<<<<

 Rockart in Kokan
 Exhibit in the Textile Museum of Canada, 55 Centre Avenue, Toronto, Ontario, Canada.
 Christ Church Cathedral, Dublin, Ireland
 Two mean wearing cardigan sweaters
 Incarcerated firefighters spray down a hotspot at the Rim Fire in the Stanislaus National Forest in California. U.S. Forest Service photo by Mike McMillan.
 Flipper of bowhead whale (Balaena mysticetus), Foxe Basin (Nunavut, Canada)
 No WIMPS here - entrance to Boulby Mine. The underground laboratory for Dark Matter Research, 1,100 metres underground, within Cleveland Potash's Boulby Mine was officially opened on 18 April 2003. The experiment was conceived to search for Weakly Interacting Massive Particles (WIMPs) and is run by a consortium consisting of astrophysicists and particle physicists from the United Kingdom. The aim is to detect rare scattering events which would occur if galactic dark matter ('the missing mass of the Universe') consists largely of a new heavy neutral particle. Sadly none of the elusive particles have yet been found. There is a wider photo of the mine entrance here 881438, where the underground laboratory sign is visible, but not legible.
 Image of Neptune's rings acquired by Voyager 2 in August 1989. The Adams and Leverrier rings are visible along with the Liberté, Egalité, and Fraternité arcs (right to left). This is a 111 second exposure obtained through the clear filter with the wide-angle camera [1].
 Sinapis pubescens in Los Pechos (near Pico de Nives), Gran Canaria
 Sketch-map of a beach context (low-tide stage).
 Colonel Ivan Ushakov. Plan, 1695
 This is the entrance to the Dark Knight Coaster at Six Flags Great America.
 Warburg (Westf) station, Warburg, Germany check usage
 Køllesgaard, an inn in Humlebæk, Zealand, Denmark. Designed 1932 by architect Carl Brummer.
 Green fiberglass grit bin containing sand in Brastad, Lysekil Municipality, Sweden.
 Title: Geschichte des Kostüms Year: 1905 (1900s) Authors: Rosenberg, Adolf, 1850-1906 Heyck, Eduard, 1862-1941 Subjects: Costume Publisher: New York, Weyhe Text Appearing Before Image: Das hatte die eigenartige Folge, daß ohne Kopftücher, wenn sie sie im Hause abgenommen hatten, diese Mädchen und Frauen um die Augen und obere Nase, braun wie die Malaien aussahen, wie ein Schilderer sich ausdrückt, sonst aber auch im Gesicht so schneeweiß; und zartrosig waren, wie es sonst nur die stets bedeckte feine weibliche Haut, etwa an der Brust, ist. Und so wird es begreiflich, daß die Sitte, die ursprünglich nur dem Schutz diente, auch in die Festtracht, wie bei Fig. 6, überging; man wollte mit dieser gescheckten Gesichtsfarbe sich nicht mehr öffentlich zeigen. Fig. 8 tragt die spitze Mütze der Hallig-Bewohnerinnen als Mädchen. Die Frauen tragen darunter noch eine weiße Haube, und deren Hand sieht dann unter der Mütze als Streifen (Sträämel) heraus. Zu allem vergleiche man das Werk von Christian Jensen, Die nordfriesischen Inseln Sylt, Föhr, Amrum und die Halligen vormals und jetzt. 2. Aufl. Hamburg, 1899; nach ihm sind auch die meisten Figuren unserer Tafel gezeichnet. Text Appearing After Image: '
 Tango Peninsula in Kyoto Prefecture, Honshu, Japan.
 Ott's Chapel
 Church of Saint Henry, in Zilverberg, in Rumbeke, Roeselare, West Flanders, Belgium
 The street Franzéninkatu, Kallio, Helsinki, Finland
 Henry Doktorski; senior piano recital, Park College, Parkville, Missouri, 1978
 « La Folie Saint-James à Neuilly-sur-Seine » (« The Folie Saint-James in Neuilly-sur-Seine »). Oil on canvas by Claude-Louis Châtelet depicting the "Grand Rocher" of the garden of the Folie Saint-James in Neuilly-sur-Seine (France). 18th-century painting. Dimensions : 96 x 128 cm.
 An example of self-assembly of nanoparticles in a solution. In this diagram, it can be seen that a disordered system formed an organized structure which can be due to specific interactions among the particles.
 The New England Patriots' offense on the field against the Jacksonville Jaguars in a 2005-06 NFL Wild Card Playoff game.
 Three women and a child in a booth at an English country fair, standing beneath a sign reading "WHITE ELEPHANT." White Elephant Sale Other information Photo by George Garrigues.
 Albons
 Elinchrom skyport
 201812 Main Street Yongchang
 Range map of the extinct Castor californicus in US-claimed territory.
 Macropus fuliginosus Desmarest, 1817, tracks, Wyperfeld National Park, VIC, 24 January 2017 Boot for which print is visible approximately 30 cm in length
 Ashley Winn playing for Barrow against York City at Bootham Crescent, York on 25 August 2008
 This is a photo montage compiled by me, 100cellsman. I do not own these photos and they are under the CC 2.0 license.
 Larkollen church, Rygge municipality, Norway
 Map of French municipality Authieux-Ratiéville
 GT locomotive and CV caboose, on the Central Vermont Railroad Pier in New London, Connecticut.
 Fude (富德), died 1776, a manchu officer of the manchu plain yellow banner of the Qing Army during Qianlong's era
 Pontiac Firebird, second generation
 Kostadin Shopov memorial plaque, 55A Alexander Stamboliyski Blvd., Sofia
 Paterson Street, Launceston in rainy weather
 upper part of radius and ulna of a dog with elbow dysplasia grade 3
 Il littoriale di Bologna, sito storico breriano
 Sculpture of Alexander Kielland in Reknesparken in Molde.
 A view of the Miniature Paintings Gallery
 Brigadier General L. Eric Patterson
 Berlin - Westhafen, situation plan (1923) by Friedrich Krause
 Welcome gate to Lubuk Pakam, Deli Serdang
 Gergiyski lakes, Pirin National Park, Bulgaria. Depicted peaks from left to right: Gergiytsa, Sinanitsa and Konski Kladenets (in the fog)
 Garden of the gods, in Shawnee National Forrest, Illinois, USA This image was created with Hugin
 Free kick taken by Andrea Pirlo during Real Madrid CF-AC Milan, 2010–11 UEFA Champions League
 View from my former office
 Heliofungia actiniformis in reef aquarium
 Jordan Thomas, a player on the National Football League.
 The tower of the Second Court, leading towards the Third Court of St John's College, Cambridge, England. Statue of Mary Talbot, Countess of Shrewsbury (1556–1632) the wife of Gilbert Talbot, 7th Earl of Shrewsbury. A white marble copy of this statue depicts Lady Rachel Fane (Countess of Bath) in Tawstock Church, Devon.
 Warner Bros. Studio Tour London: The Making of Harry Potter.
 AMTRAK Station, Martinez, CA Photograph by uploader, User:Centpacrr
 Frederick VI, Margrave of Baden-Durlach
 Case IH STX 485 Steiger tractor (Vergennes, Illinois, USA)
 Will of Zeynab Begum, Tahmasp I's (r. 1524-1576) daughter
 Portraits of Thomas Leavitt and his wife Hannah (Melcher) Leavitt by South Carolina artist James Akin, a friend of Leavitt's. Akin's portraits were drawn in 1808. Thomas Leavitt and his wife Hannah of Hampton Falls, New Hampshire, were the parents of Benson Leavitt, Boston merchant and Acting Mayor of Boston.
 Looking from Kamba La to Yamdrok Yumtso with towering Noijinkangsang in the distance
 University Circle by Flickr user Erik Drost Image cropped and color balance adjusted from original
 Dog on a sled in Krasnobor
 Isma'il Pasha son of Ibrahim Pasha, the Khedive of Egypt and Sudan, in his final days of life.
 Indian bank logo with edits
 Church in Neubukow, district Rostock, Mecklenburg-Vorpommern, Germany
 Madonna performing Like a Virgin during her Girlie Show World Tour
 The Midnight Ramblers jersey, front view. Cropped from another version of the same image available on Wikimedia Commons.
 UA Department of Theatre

>>>>

> _WORK ITEM_
Please output every record, keeping each line exact.

> _TASK SOLUTION_
 Rockart in Kokan
 Exhibit in the Textile Museum of Canada, 55 Centre Avenue, Toronto, Ontario, Canada.
 Christ Church Cathedral, Dublin, Ireland
 Two mean wearing cardigan sweaters
 Incarcerated firefighters spray down a hotspot at the Rim Fire in the Stanislaus National Forest in California. U.S. Forest Service photo by Mike McMillan.
 Flipper of bowhead whale (Balaena mysticetus), Foxe Basin (Nunavut, Canada)
 No WIMPS here - entrance to Boulby Mine. The underground laboratory for Dark Matter Research, 1,100 metres underground, within Cleveland Potash's Boulby Mine was officially opened on 18 April 2003. The experiment was conceived to search for Weakly Interacting Massive Particles (WIMPs) and is run by a consortium consisting of astrophysicists and particle physicists from the United Kingdom. The aim is to detect rare scattering events which would occur if galactic dark matter ('the missing mass of the Universe') consists largely of a new heavy neutral particle. Sadly none of the elusive particles have yet been found. There is a wider photo of the mine entrance here 881438, where the underground laboratory sign is visible, but not legible.
 Image of Neptune's rings acquired by Voyager 2 in August 1989. The Adams and Leverrier rings are visible along with the Liberté, Egalité, and Fraternité arcs (right to left). This is a 111 second exposure obtained through the clear filter with the wide-angle camera [1].
 Sinapis pubescens in Los Pechos (near Pico de Nives), Gran Canaria
 Sketch-map of a beach context (low-tide stage).
 Colonel Ivan Ushakov. Plan, 1695
 This is the entrance to the Dark Knight Coaster at Six Flags Great America.
 Warburg (Westf) station, Warburg, Germany check usage
 Køllesgaard, an inn in Humlebæk, Zealand, Denmark. Designed 1932 by architect Carl Brummer.
 Green fiberglass grit bin containing sand in Brastad, Lysekil Municipality, Sweden.
 Title: Geschichte des Kostüms Year: 1905 (1900s) Authors: Rosenberg, Adolf, 1850-1906 Heyck, Eduard, 1862-1941 Subjects: Costume Publisher: New York, Weyhe Text Appearing Before Image: Das hatte die eigenartige Folge, daß ohne Kopftücher, wenn sie sie im Hause abgenommen hatten, diese Mädchen und Frauen um die Augen und obere Nase, braun wie die Malaien aussahen, wie ein Schilderer sich ausdrückt, sonst aber auch im Gesicht so schneeweiß; und zartrosig waren, wie es sonst nur die stets bedeckte feine weibliche Haut, etwa an der Brust, ist. Und so wird es begreiflich, daß die Sitte, die ursprünglich nur dem Schutz diente, auch in die Festtracht, wie bei Fig. 6, überging; man wollte mit dieser gescheckten Gesichtsfarbe sich nicht mehr öffentlich zeigen. Fig. 8 tragt die spitze Mütze der Hallig-Bewohnerinnen als Mädchen. Die Frauen tragen darunter noch eine weiße Haube, und deren Hand sieht dann unter der Mütze als Streifen (Sträämel) heraus. Zu allem vergleiche man das Werk von Christian Jensen, Die nordfriesischen Inseln Sylt, Föhr, Amrum und die Halligen vormals und jetzt. 2. Aufl. Hamburg, 1899; nach ihm sind auch die meisten Figuren unserer Tafel gezeichnet. Text Appearing After Image: '
 Tango Peninsula in Kyoto Prefecture, Honshu, Japan.
 Ott's Chapel
 Church of Saint Henry, in Zilverberg, in Rumbeke, Roeselare, West Flanders, Belgium
 The street Franzéninkatu, Kallio, Helsinki, Finland
 Henry Doktorski; senior piano recital, Park College, Parkville, Missouri, 1978
 « La Folie Saint-James à Neuilly-sur-Seine » (« The Folie Saint-James in Neuilly-sur-Seine »). Oil on canvas by Claude-Louis Châtelet depicting the "Grand Rocher" of the garden of the Folie Saint-James in Neuilly-sur-Seine (France). 18th-century painting. Dimensions : 96 x 128 cm.
 An example of self-assembly of nanoparticles in a solution. In this diagram, it can be seen that a disordered system formed an organized structure which can be due to specific interactions among the particles.
 The New England Patriots' offense on the field against the Jacksonville Jaguars in a 2005-06 NFL Wild Card Playoff game.
 Three women and a child in a booth at an English country fair, standing beneath a sign reading "WHITE ELEPHANT." White Elephant Sale Other information Photo by George Garrigues.
 Albons
 Elinchrom skyport
 201812 Main Street Yongchang
 Range map of the extinct Castor californicus in US-claimed territory.
 Macropus fuliginosus Desmarest, 1817, tracks, Wyperfeld National Park, VIC, 24 January 2017 Boot for which print is visible approximately 30 cm in length
 Ashley Winn playing for Barrow against York City at Bootham Crescent, York on 25 August 2008
 This is a photo montage compiled by me, 100cellsman. I do not own these photos and they are under the CC 2.0 license.
 Larkollen church, Rygge municipality, Norway
 Map of French municipality Authieux-Ratiéville
 GT locomotive and CV caboose, on the Central Vermont Railroad Pier in New London, Connecticut.
 Fude (富德), died 1776, a manchu officer of the manchu plain yellow banner of the Qing Army during Qianlong's era
 Pontiac Firebird, second generation
 Kostadin Shopov memorial plaque, 55A Alexander Stamboliyski Blvd., Sofia
 Paterson Street, Launceston in rainy weather
 upper part of radius and ulna of a dog with elbow dysplasia grade 3
 Il littoriale di Bologna, sito storico breriano
 Sculpture of Alexander Kielland in Reknesparken in Molde.
 A view of the Miniature Paintings Gallery
 Brigadier General L. Eric Patterson
 Berlin - Westhafen, situation plan (1923) by Friedrich Krause
 Welcome gate to Lubuk Pakam, Deli Serdang
 Gergiyski lakes, Pirin National Park, Bulgaria. Depicted peaks from left to right: Gergiytsa, Sinanitsa and Konski Kladenets (in the fog)
 Garden of the gods, in Shawnee National Forrest, Illinois, USA This image was created with Hugin
 Free kick taken by Andrea Pirlo during Real Madrid CF-AC Milan, 2010–11 UEFA Champions League
 View from my former office
 Heliofungia actiniformis in reef aquarium
 Jordan Thomas, a player on the National Football League.
 The tower of the Second Court, leading towards the Third Court of St John's College, Cambridge, England. Statue of Mary Talbot, Countess of Shrewsbury (1556–1632) the wife of Gilbert Talbot, 7th Earl of Shrewsbury. A white marble copy of this statue depicts Lady Rachel Fane (Countess of Bath) in Tawstock Church, Devon.
 Warner Bros. Studio Tour London: The Making of Harry Potter.
 AMTRAK Station, Martinez, CA Photograph by uploader, User:Centpacrr
 Frederick VI, Margrave of Baden-Durlach
 Case IH STX 485 Steiger tractor (Vergennes, Illinois, USA)
 Will of Zeynab Begum, Tahmasp I's (r. 1524-1576) daughter
 Portraits of Thomas Leavitt and his wife Hannah (Melcher) Leavitt by South Carolina artist James Akin, a friend of Leavitt's. Akin's portraits were drawn in 1808. Thomas Leavitt and his wife Hannah of Hampton Falls, New Hampshire, were the parents of Benson Leavitt, Boston merchant and Acting Mayor of Boston.
 Looking from Kamba La to Yamdrok Yumtso with towering Noijinkangsang in the distance
 University Circle by Flickr user Erik Drost Image cropped and color balance adjusted from original
 Dog on a sled in Krasnobor
 Isma'il Pasha son of Ibrahim Pasha, the Khedive of Egypt and Sudan, in his final days of life.
 Indian bank logo with edits
 Church in Neubukow, district Rostock, Mecklenburg-Vorpommern, Germany
 Madonna performing Like a Virgin during her Girlie Show World Tour
 The Midnight Ramblers jersey, front view. Cropped from another version of the same image available on Wikimedia Commons.
 UA Department of Theatre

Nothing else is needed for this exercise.